Почти одновременно с карфагенским расколом Новата и Фелициссима образовался раскол в Риме; только здесь раскольники защищали мнения вполне монтанистические по тому же вопросу падших. В 251 году Римским епископом был избран Корнилий, смотревший, подобно некоторым своим предшественникам, на принятие в Церковь падших очень благосклонно. Против него восстали приверженцы монтанистических взглядов, во главе с пресвитером Новацианом, человеком образованным, но до фанатизма строго-подвижнической жизни. К партии Новациана присоединился известный Новат, прибывший из Карфагена. Хотя в расколе Новациана проводились мнения, противоположные тем, за которые ратовал в Карфагене Новат, но для последнего это было не важно; он видел и в римском расколе такое же, как и в Карфагене, стремление пресвитеров выйти из-под власти епископской, чему он сочувствовал и вследствие чего соединился с Новацианом.
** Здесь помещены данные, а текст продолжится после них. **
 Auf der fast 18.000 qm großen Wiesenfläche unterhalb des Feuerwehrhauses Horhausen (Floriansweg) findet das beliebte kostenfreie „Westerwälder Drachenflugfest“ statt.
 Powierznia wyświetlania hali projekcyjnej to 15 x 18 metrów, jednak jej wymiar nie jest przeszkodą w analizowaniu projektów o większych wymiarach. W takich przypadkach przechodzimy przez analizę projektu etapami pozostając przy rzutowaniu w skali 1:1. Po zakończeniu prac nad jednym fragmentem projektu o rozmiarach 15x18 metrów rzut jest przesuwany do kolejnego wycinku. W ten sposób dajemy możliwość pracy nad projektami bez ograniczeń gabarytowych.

При деятельном участии Новата скоро произошло формальное отделение раскольников от Римской церкви: они поставили себе епископом Новациана. Главные мысли, которые проводили раскольники, были следующие: Церковь есть общество святых; поэтому все падшие и соделавшие смертные грехи после крещения должны быть извергаемы из нее и не в коем случае не принимаемы обратно; Церковь и не имеет права прощать тяжких грешников; это право принадлежит одному Богу; она может только убеждать их к покаянию. Если же Церковь прощает грешников и принимает их обратно, то она сама делается нечистой, перестает быть святой. Поэтому новациане называли свое общество, в которое не принимались тяжкие грешники, а из православной Церкви принимались переходящие через перекрещивание, - обществом чистых (кофаров по-гречески).
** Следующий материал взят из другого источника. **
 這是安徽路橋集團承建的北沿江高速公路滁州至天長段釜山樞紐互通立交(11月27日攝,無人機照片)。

Таким образом, раскольники погрешили против общецерковного учения о том, что Церковь, в силу заслуг Господа Иисуса Христа, может прощать всех грешников, что она всегда остается святой и при согрешивших членах, во имя того, что глава ее, Господь Иисус Христос свят, что святы ее таинства и проч. Обе партии в Риме, и раскольническая во главе с Новацианом, и православная - с Корнилием, обратились за посредничеством к церквам Карфагенской, Александрийской и Антиохийской. Киприан, еп. Карфагенский, решительно высказался против Новациана, как нарушителя единства Церкви; Дионисий, еп. Александрийский, также высказался против него; но Фабий, еп. Антиохийский, склонялся более на сторону Новациана, увлекаясь строгостью его жизни и его строгими требованиями. Хотя, таким образом, Новациан и его приверженцы были осуждены, но общества новацианские и после того распространялись в Карфагене, Александрии, Сирии, Малой Азии, Галлии и Испании и продолжали существовать до 7-го столетия. Причина такого усиленного распространения новацианского раскола кроется, с одной стороны, в строгости правил жизни, распространяемых раскольниками, а с другой - в монтанистической привязанности некоторых членов Церкви, особенно на западе, к внешним подвигам благочестия.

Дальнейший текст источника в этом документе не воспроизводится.